Abstract
Objective
When deciding on therapy, FDG PET/CT-positive results should be confirmed by histology if possible. We evaluated the impact of percutaneous PET/CT-guided biopsies on histological confirmation of PET/CT-positive lesions.
Methods
We prospectively evaluated 126 patients who had undergone a PET/CT scan with positive results with an indication for histological evaluation of lesions. Imaging was performed in a PET/CT scanner with a fluoroscopic imaging system. A total of 130 lesions were accessed by PET/CT-guided biopsy.
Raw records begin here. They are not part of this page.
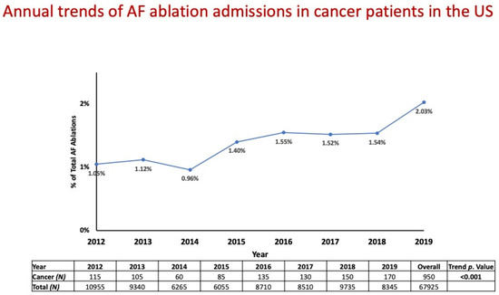 Using data from the NIS, the largest all-payer inpatient database in the United States, we analyzed a weighted total of 67,915 catheter ablation procedures for AF, between January 2012 and December 2019. Real-world nationwide data showed that 950 patients (1.4%) undergoing AF ablation had a cancer diagnosis. Annual trend analysis showed a gradual and significant increase in AF catheter ablations for cancer patients between 2012 and 2019. Cancer patients undergoing AF catheter ablation were older, had more comorbidities and elevated thrombotic as well as bleeding risks, reflected by higher CHA2DS2-VASc and ATRIA bleeding indices, compared to their non-cancer counterparts. However, despite a higher rate of total complications among cancer patients, driven by infectious and bleeding complications, no significant differences were observed in cardiac complications, periprocedural stroke or in-hospital mortality rates.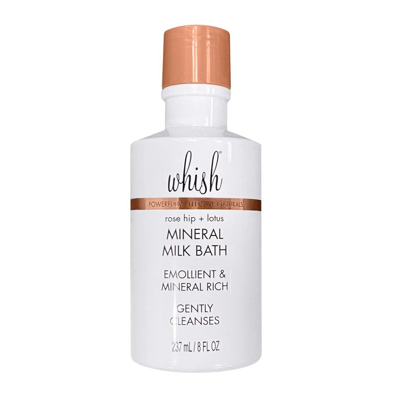- A Nourishing Milk Wash: Relax and unwind after a long day with Whish' Rose Hip & Lotus Mineral Milk Bath. Infused with mineral-rich blend of hydrolyzed milk protein, almond oil, shea butter, and rose hip oil, this womens body wash moisturizes and cleanses your skin for smooth, supple results.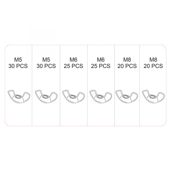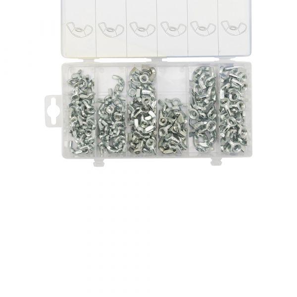 Assortiment vleugelmoeren 150 delig Bestaande uit: 30 x M5 x 24 30 x M5 x 32 25 x M6 x 20 25 x M6 x 28 20 x M8 x 18 20 x M8 x 24 Verpakt in kunststof doos.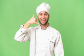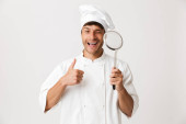 Obraz człowieka przystojny młody kucharz na białym tle białej ściany wyświetlone kciuki Gos.

The technical feasibility, clinical success and complication rates of PET/CT-guided biopsies were evaluated.
Results
Of 130 PET/CT-positive lesions, 128 (98.5 %) were successfully accessed and representative tissue samples obtained. Two lesions were reaccessed due to inconclusive histological results. Histology showed that 99 of the 130 lesions (76.2 %) were malignant, and 31 lesions (23.8 %) were benign (inflammatory cells or necrotic tissue); these patients had no recurrence of disease after a minimum follow-up of 6 months. Also, in 23 of the 130 lesions (17.7 %), the patient was referred for the PET/CT-guided biopsy due to a previous nontumoral biopsy result, and of these 23 lesions, 21 were found to be malignant. The complication rates were: pneumothorax in 15/130 (11.5 %; resolved spontaneously), haemoptysis in 2/130 (1.5 %) and severe haemothorax in 1/130 (0.8 %); there was no procedure-related mortality.
Conclusion
PET/CT-guided biopsy is feasible and may optimize the diagnostic yield of image-guided interventions. Also, PET/CT-positive lesions with no morphological correlation may now be accessible to percutaneous interventions.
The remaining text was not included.